Islam sangat membenci orang-orang yang suka mendengarkan omongan jelek, kemudian cepat-cepat memindahkan omongan itu dengan menambah-nambah untuk memperdaya atau karena senang adanya kehancuran dan kerusakan.
Manusia semacam ini tidak mau membatasi diri sampai kepada apa yang didengar itu saja, sebab keinginan untuk menghancurkan itulah yang mendorongnya menambah omongan yang mereka dengar. Dan jika mereka tidak mendengar, mereka berdusta.
Kata seorang penyair:
Kalau mereka mendengar kebaikan, disembunyikan
Dan kalau mendengarkan kejelekan, disiarkan
tetapi jika tidak mendengar apa-apa, ia berdusta.

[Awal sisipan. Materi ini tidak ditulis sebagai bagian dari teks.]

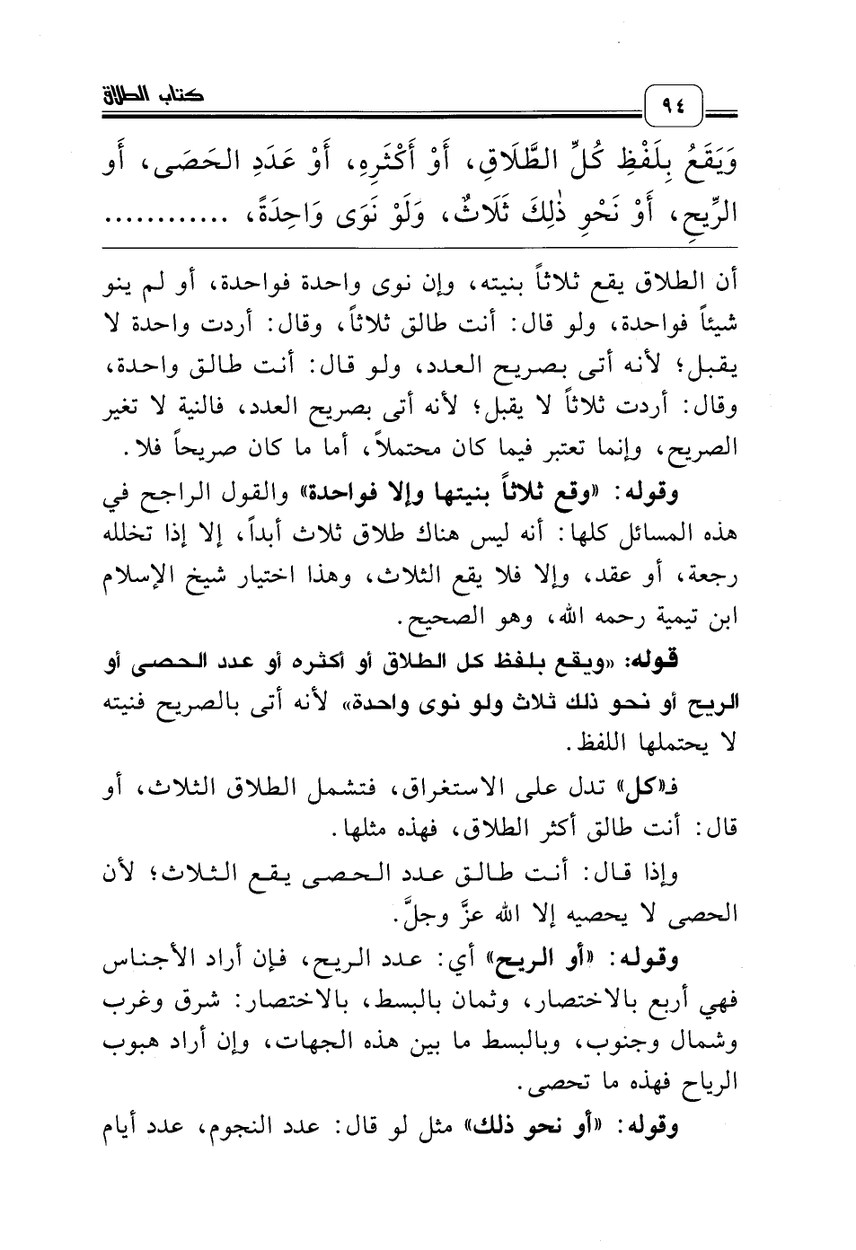 وقوله: «وقع ثلاثاً بنيتها وإلا فواحدة» والقول الراجح في هذه المسائل كلها: أنه ليس هناك طلاق ثلاث أبداً، إلا إذا تخلله رجعة، أو عقد، وإلا فلا يقع الثلاث، وهذا اختيار شيخ الإسلام ابن تيمية رحمه الله، وهو الصحيح.

Ada seorang laki-laki masuk ke tempat Umar bin Abdul Aziz, kemudian membicarakan tentang hal seseorang yang tidak disukainya. Maka berkatalah Umar kepada si laki-laki tersebut; kalau boleh kami akan menyelidiki permasalahanmu itu. Tetapi jika kamu berdusta, maka kamu tergolong orang yang disebutkan dalam ayat ini:
"Jika datang kepadamu seorang fasik dengan membawa suatu berita, maka selidikilah." (al-Hujurat: 6)
Dan jika kamu benar, maka kamu tergolong orang yang disebutkan dalam ayat:
"Orang yang suka mencela, yang berjalan ke sana ke mari dengan mengadu domba." (al-Qalam: 11)
Tetapi kalau kamu suka, saya akan memberi pengampunan. Maka jawab orang laki-laki tersebut: pengampunan saja ya amirul mu'minin, saya berjanji tidak akan mengulangi lagi.
32.Lihat Ihya' bab "Afatul lisan" syarah Nawawi dan "Ra'furraibah" oleh Syaukani.